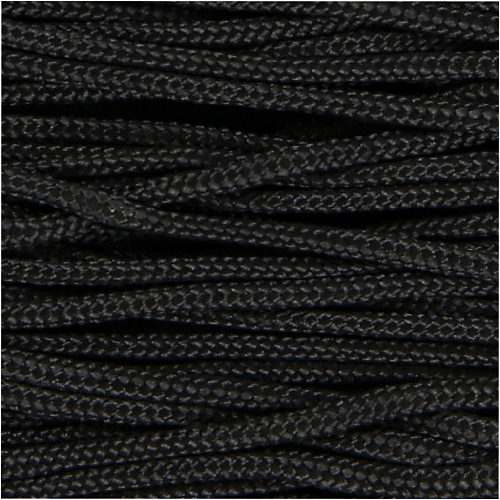 Good quality semi-gloss, solid coloured nylon cord - ideal for macramé. Polyester Cord, black, thickness 2 mm, 8 m/ 1 roll
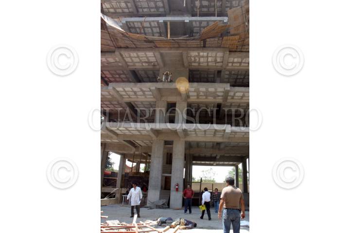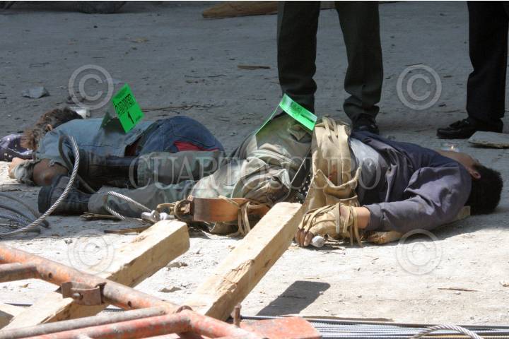MÉXICO, D.F., 05MAYO2007.- Macario Pedroza de 25 años y Antonio Castro de 20, ambos albañiles murieron al caer de un cuarto piso de una obra que esta en construcción, en Periférico 1940 en la colonia Tlacopal, la desgracia se sucitó cuando terminaban de amarrar la varilla de una loza a unos minutos de terminar su turno. FOTO: PEDRO MARRUFO/CUARTOSCURO.COM
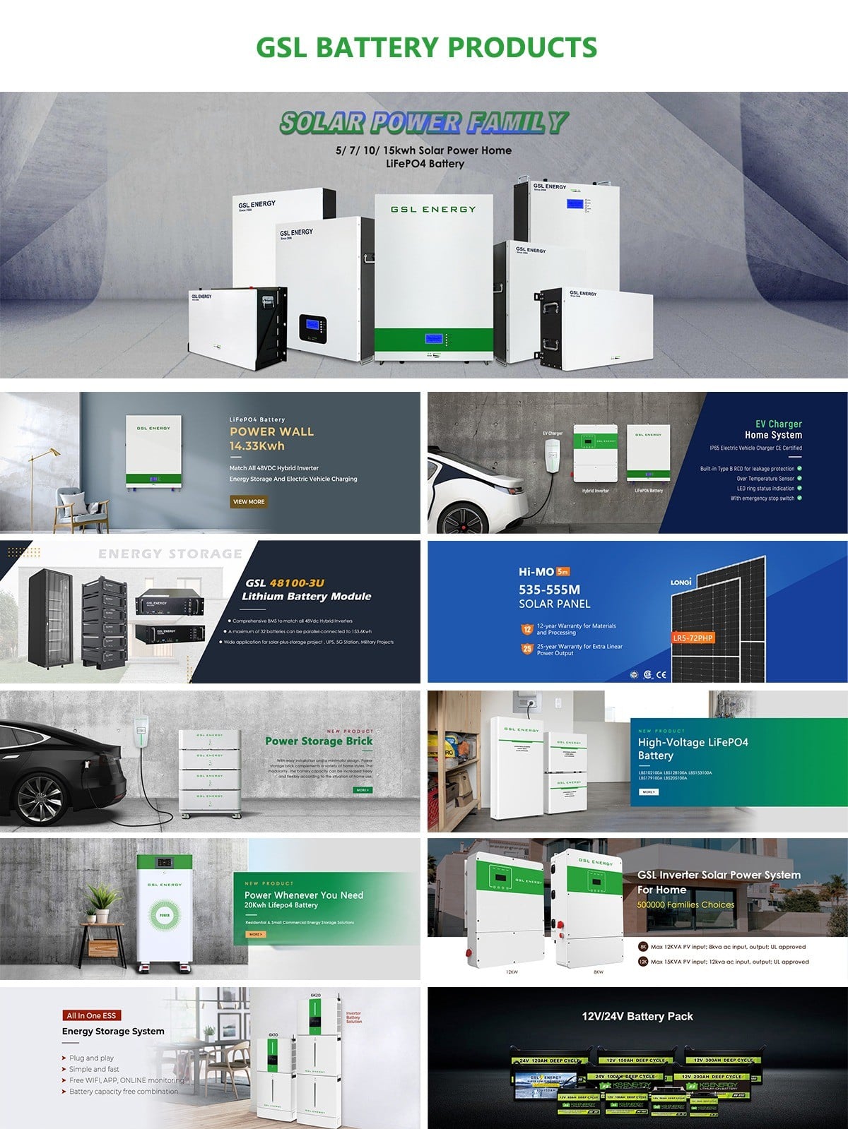 As a factory with 15 years of experience in manufacturing energy storage batteries, GSL ENERGY's products cover industrial, commercial and household energy storage, including Large Storage Batteries, Power Storage Wall, Telecom Batteries, Power Storage Brick, High Voltage LiFePo4 Batter, Hybrid inverter, EV Charger, Portable Power Stations, etc., to meet all customer requirements. If you would like to inquire OEM&ODM or wholesale price, please don't hesitate to contact us for the best solar battery energy storage solution!

• **ASSIGNMENT**: The pictures stay out; copy the rest of the data word for word.

• **ANSWER FOR THIS EXERCISE**:
 Good quality semi-gloss, solid coloured nylon cord - ideal for macramé. Polyester Cord, black, thickness 2 mm, 8 m/ 1 roll
MÉXICO, D.F., 05MAYO2007.- Macario Pedroza de 25 años y Antonio Castro de 20, ambos albañiles murieron al caer de un cuarto piso de una obra que esta en construcción, en Periférico 1940 en la colonia Tlacopal, la desgracia se sucitó cuando terminaban de amarrar la varilla de una loza a unos minutos de terminar su turno. FOTO: PEDRO MARRUFO/CUARTOSCURO.COM
 As a factory with 15 years of experience in manufacturing energy storage batteries, GSL ENERGY's products cover industrial, commercial and household energy storage, including Large Storage Batteries, Power Storage Wall, Telecom Batteries, Power Storage Brick, High Voltage LiFePo4 Batter, Hybrid inverter, EV Charger, Portable Power Stations, etc., to meet all customer requirements. If you would like to inquire OEM&ODM or wholesale price, please don't hesitate to contact us for the best solar battery energy storage solution!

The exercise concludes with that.